There is therefore cause for optimism in the prognosis of patients with borderline personality disorder, contrary to past beliefs about the disorder.

Question 4: What is the best course for treatment in borderline personality disorder, including pharmacotherapy? 


Dr Zimmerman noted that if patients ask for medication, they should first be referred to therapy.1

Types of therapy for borderline personality disorder include:7

  • DBT: Dialectical behavior therapy
  • MBT: Mentalization-based therapy
  • TFP: Transference-focused psychotherapy
  • SFT: Schema-focused therapy
  • GPM: Good psychiatric management
  • STEPPS: Systems training for emotional predictability and problem solving

Dr Zimmerman also highlighted a study demonstrating recent progress in psychotherapy for borderline personality disorder, including the potential to develop treatments for comorbid post-traumatic stress disorder and borderline personality disorder, and the emergence of generalist therapies.7

One limitation of research in this area is that little attention is given to improving functional outcome; almost all research focuses on improving symptoms.1


Almost all patients with borderline personality disorder are treated with a variety of psychotropic medication, with polypharmacy being the rule rather than the exception. However, Dr Zimmerman noted that no medication has been approved for treating borderline personality disorder anywhere in the world.8

Official treatment guidelines for borderline personality disorder include:

American Psychiatry Association (APA):9

  1. Psychotherapy is the first-line treatment
  2. Symptom-specific medication treatment is recommended:
    • Selective serotonin reuptake inhibitors for affective dysregulation or impulsivity
    • Mood stabilizers for impulsivity
    • Antipsychotics for cognitive-perceptual symptoms

NICE (National Institute of Clinical Excellence):10

  1. Psychotherapy is first-line treatment
  2. Do not recommend medication for symptoms of borderline personality disorder
  3. Do recommend medication for comorbid conditions

Closing Advice to Clinicians

Dr Zimmerman concluded his presentation with guidelines for a practical approach to diagnosing and treating borderline personality disorder.1 These include:

  1. Screen for the diagnosis.
  2. Tell patients if you make the diagnosis.
  3. Educate patients about the diagnosis (and prognosis).
  4. Don’t let patients define themselves by their disorder.
  5. Be collaborative: provide a safe and nonjudgmental environment.
  6. Set limits.
  7. Don’t be rigid.
  8. Be willing to be wrong when you have made a mistake, and don’t be afraid to apologize.
  9. Think long-term for the patient and their risk for mortality.

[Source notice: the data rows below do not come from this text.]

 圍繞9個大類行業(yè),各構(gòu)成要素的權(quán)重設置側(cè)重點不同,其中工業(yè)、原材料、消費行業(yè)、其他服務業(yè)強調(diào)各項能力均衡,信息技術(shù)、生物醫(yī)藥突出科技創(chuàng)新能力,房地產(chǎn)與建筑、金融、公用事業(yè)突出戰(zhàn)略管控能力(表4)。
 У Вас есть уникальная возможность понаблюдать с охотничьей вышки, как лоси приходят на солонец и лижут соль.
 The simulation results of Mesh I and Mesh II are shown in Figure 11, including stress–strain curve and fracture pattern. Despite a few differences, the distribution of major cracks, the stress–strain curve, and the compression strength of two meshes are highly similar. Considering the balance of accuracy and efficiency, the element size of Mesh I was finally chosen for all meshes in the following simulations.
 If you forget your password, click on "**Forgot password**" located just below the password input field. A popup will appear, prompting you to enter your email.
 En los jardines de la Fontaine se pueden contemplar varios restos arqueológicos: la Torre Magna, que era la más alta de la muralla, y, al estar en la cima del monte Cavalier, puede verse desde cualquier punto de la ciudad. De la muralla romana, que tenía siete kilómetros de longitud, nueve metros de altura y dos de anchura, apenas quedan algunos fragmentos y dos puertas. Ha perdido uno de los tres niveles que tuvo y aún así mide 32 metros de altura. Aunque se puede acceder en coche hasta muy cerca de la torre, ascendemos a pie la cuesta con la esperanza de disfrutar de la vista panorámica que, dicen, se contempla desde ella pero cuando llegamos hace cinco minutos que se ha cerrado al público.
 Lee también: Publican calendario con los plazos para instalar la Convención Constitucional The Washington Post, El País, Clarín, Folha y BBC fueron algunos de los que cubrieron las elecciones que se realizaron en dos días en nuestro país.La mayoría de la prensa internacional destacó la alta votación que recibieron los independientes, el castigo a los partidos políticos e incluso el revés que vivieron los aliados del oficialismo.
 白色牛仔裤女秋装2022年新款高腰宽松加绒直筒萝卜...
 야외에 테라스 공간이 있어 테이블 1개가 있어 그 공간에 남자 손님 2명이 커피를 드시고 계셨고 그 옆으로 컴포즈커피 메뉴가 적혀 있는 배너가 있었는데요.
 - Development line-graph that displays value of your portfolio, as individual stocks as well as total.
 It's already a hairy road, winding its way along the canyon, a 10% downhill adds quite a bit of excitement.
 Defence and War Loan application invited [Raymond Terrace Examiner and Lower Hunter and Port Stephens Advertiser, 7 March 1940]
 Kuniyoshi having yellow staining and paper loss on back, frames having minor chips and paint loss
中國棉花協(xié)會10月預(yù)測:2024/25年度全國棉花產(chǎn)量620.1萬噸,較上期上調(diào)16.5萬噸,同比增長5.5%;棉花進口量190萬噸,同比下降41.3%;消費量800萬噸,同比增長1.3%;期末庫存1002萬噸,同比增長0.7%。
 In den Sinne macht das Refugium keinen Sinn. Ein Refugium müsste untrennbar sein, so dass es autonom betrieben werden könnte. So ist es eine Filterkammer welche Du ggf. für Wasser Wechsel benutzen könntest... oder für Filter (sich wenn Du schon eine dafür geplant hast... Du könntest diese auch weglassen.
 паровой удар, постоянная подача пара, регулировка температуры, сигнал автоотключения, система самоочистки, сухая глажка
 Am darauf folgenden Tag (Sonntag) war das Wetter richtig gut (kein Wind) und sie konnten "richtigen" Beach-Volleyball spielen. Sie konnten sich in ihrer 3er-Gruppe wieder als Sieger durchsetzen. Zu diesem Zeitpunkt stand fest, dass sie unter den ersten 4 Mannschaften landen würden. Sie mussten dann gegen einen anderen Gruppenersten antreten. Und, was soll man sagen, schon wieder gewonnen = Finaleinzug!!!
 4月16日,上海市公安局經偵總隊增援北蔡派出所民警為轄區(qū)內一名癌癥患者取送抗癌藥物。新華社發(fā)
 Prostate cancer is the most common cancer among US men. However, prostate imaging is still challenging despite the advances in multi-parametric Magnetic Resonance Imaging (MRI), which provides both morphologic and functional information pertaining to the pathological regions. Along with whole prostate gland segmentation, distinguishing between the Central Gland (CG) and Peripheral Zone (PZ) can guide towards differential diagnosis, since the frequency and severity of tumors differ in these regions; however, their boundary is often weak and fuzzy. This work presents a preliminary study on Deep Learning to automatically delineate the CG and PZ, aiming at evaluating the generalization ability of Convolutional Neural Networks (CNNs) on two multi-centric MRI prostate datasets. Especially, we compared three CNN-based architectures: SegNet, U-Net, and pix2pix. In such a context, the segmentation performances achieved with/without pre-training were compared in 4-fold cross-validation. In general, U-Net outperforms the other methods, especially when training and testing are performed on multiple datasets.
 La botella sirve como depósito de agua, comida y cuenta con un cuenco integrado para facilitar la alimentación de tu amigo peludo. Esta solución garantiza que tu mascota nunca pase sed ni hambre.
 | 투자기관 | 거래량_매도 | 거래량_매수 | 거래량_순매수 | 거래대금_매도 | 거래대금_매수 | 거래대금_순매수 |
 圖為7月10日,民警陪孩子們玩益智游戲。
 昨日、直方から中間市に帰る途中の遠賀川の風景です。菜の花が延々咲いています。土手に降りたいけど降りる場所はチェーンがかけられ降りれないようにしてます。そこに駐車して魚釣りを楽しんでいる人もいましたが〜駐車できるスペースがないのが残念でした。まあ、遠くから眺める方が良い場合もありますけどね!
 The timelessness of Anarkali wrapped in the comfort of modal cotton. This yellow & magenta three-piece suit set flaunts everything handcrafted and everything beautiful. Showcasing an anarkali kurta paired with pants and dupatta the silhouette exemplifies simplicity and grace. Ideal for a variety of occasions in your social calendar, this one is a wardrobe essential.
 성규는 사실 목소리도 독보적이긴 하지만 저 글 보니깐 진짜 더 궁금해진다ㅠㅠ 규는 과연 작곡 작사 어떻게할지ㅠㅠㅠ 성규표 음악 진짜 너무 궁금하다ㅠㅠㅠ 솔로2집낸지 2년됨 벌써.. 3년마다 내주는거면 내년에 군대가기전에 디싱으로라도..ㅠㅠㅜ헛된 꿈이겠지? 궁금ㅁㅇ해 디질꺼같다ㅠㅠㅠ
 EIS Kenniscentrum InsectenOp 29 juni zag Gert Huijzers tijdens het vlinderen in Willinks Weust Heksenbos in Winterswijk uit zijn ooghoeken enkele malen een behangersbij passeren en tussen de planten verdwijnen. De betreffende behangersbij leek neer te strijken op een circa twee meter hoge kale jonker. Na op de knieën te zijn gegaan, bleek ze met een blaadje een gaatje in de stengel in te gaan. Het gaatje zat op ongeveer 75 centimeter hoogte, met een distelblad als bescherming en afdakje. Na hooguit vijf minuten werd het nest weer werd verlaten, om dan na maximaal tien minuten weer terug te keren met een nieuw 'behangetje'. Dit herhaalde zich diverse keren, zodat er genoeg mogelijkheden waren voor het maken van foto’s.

There is a good chance that the patient will do better in a decade; prognosis is good.
  10. Refer patients for therapy, even if they ask for medication — and possibly require it.
  11. Be an island of stability and predictability, so patients can count on their physician.
  12. Set expectations regarding medication: There is no magic pill!
  13. Understand the down sides of prescribing medication. Discuss the side effects of medication with the patient.
  14. Keep in mind that improvement may be a result of the placebo effect.
  15. Try to avoid medicating during crises; wait 1 to 2 days. It is better to instead increase the frequency of visits.
  16. Try to avoid polypharmacy (or poly, polypharmacy). Switching medications is recommended, rather than augmenting.
  17. Try to achieve adequate duration and dosage.
  18. Involve the family.
  19. Focus on functioning and symptom management, rather than symptom elimination.
  20. Promote acceptance. Focus on functional improvement and coping skills with patients.
  21. Promote a healthy lifestyle including sleep, eating, and exercise habits.
  22. Talk to colleagues about your frustrations and concerns.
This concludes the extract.